A round shot struck a file in seven company. It was on its first graze, still travelling at blistering speed, and the two men of the file were whipped backwards in a spray of mingling blood. ‘Jesus,’ Venables said in awe. ‘Jesus!’ The corpses were mixed together, a jumble of splintered bones, tangled entrails and broken weapons. A corporal, one of the file-closers, stooped to extricate the men’s pouches and haversacks from the scattered offal. ‘Two more names in the church porch,’ Venables remarked. ‘Who were they, Corporal?’

‘The McFadden brothers, sir.’ The Corporal had to shout to be heard over the roar of the Mahratta guns.

‘Poor bastards,’ Venables said. ‘Still, there are six more. A fecund lady, Rosie McFadden.’

Sharpe wondered what fecund meant, then decided he could guess. Venables, for all his air of carelessness, was looking slightly pale as though the sight of the churned corpses had sickened him. This was his first battle, for he had been sick with the Malabar Itch during Assaye, but the Ensign was forever explaining that he could not be upset by the sight of blood because, from his earliest days, he had assisted his father who was an Edinburgh surgeon, but now he suddenly turned aside, bent over and vomited. Sharpe kept stolidly walking. Some of the men turned at the sound of Venables’s retching.

‘Eyes front!’ Sharpe snarled.

Sergeant Colquhoun gave Sharpe a resentful look. The Sergeant believed that any order that did not come from himself or from Captain Urquhart was an unnecessary order.

Venables caught up with Sharpe. ‘Something I ate.’
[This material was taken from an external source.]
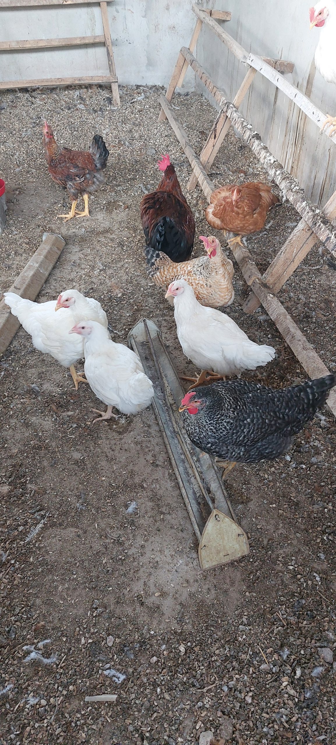 When we left in December 2024 we had 10 layers and 9 broilers left and it was disappointing to find more chickens had died before we got there in March. However 6 broilers and 3 cockerels have been sold leaving 1 broiler to fatten up a bit more, 1 cockerel and 3 hens that are now laying eggs!!

‘India does that,’ Sharpe said sympathetically.

‘Not to you.’

‘Not yet,’ Sharpe said and wished he was carrying a musket so he could touch the wooden stock for luck.

Captain Urquhart sheered his horse leftwards. ‘To your company, Mister Venables.’

Venables scuttled away and Urquhart rode back to the company’s right flank without acknowledging Sharpe’s presence. Major Swinton, who commanded the battalion while Colonel Wallace had responsibility for the brigade, galloped his horse behind the ranks. The hooves thudded heavily on the dry earth. ‘All well?’ Swinton called to Urquhart.